• DATA EXTRACTS:
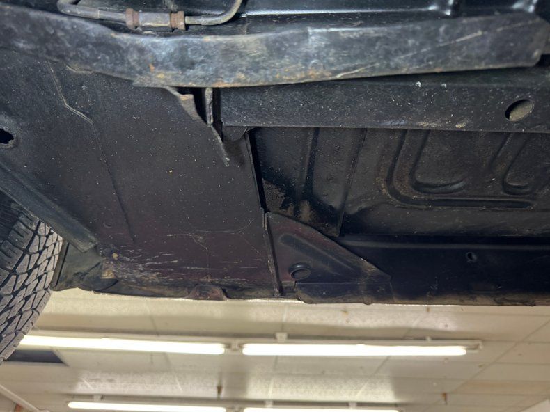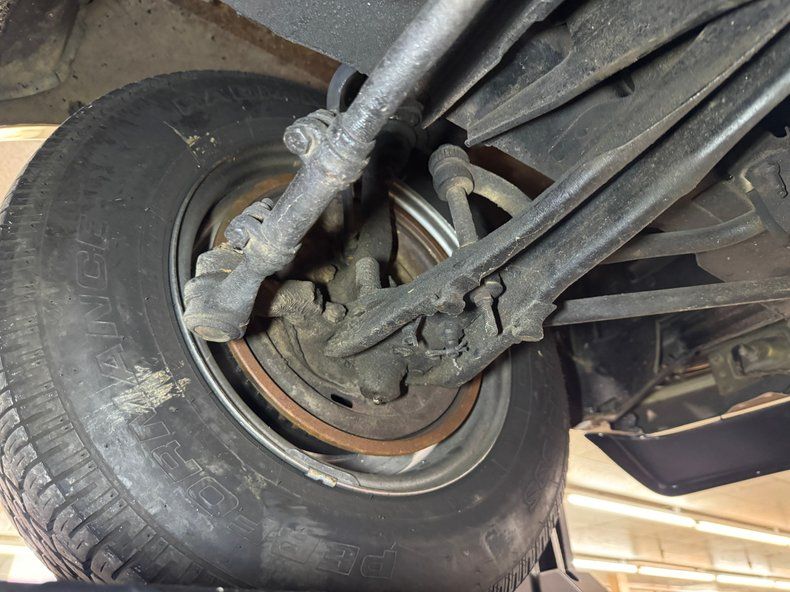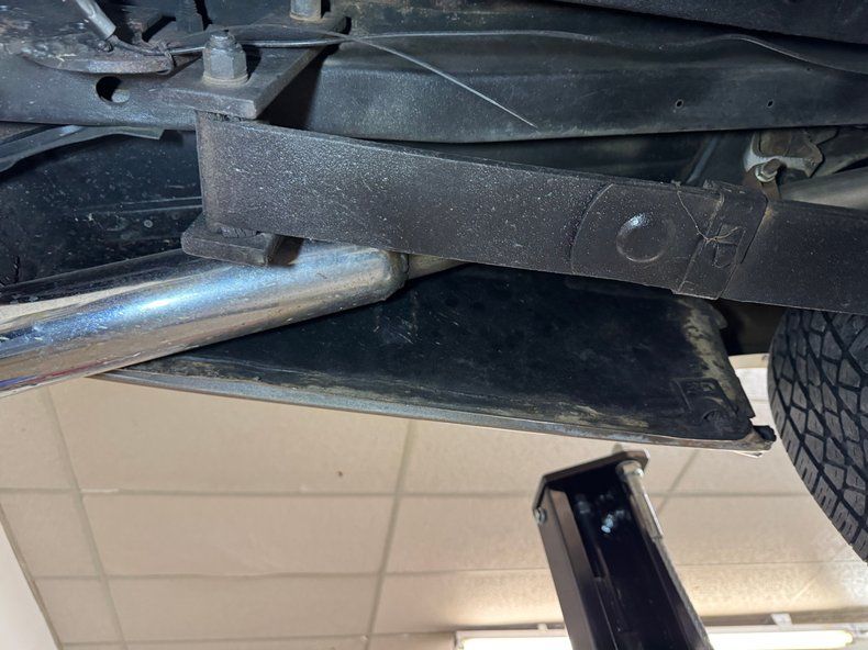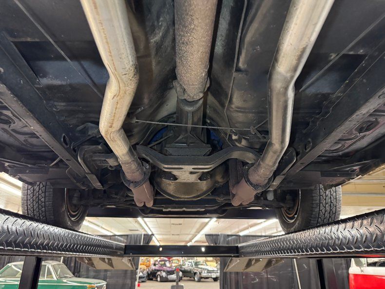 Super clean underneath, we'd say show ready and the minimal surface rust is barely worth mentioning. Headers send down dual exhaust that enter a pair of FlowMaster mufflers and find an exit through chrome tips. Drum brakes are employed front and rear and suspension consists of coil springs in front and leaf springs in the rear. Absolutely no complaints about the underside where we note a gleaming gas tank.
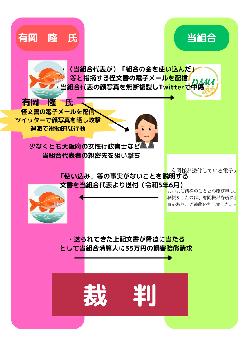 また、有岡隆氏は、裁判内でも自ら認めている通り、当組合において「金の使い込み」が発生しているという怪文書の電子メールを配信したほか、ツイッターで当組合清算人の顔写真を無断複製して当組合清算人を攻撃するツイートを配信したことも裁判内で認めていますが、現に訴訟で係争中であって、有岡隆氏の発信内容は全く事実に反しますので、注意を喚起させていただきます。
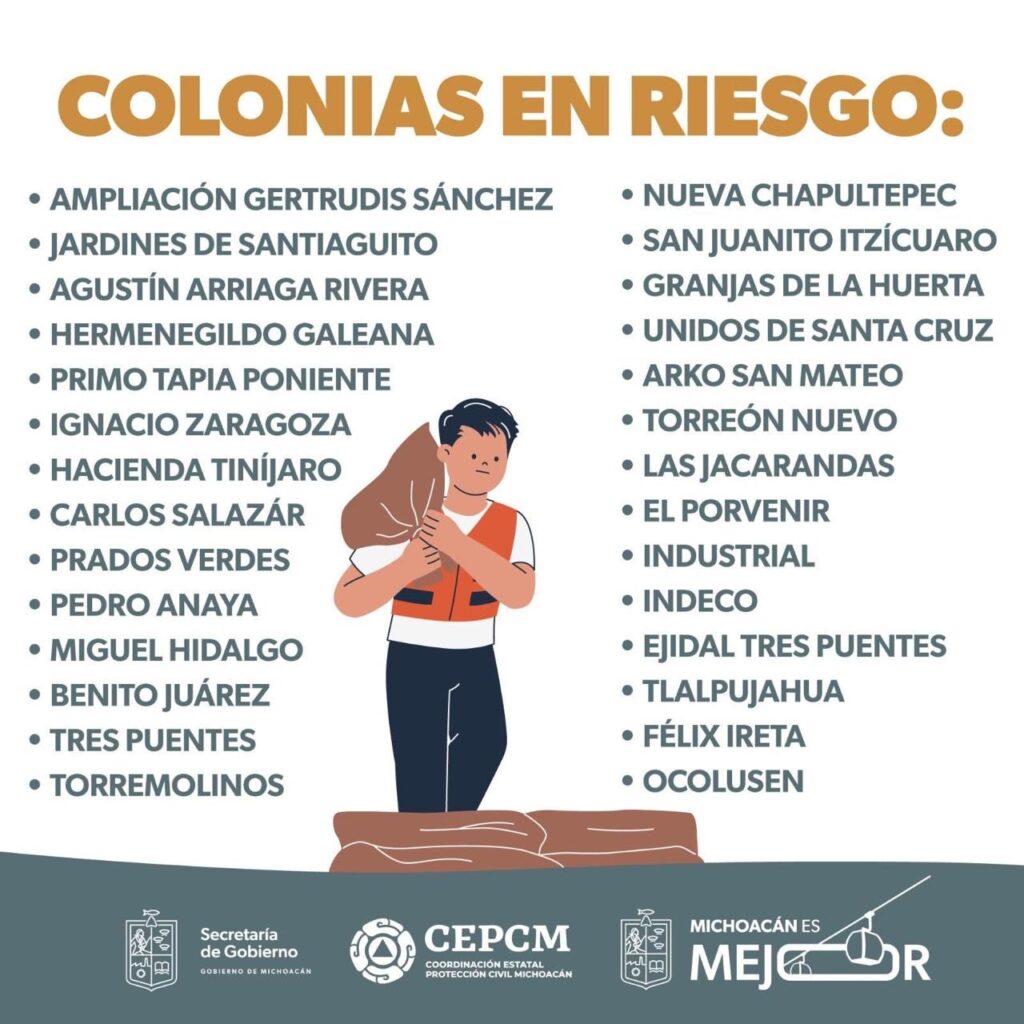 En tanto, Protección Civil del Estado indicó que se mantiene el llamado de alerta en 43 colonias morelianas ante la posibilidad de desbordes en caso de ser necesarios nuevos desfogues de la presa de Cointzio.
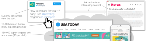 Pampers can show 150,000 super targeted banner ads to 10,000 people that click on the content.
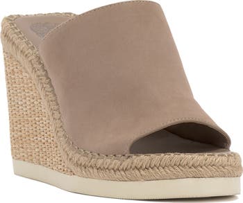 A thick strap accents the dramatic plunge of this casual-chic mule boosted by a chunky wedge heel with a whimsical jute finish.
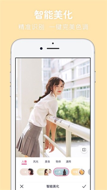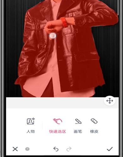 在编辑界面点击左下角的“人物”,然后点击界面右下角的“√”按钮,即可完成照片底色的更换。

• TASK TO CARRY OUT:
Give back exactly the lines from the line with "また、有岡隆氏は、裁判内でも" through the final line of the entries above, and keep pictures out of the copy.

• OUTPUT OF THE TASK:
 また、有岡隆氏は、裁判内でも自ら認めている通り、当組合において「金の使い込み」が発生しているという怪文書の電子メールを配信したほか、ツイッターで当組合清算人の顔写真を無断複製して当組合清算人を攻撃するツイートを配信したことも裁判内で認めていますが、現に訴訟で係争中であって、有岡隆氏の発信内容は全く事実に反しますので、注意を喚起させていただきます。
 En tanto, Protección Civil del Estado indicó que se mantiene el llamado de alerta en 43 colonias morelianas ante la posibilidad de desbordes en caso de ser necesarios nuevos desfogues de la presa de Cointzio.
 Pampers can show 150,000 super targeted banner ads to 10,000 people that click on the content.
 A thick strap accents the dramatic plunge of this casual-chic mule boosted by a chunky wedge heel with a whimsical jute finish.
 在编辑界面点击左下角的“人物”,然后点击界面右下角的“√”按钮,即可完成照片底色的更换。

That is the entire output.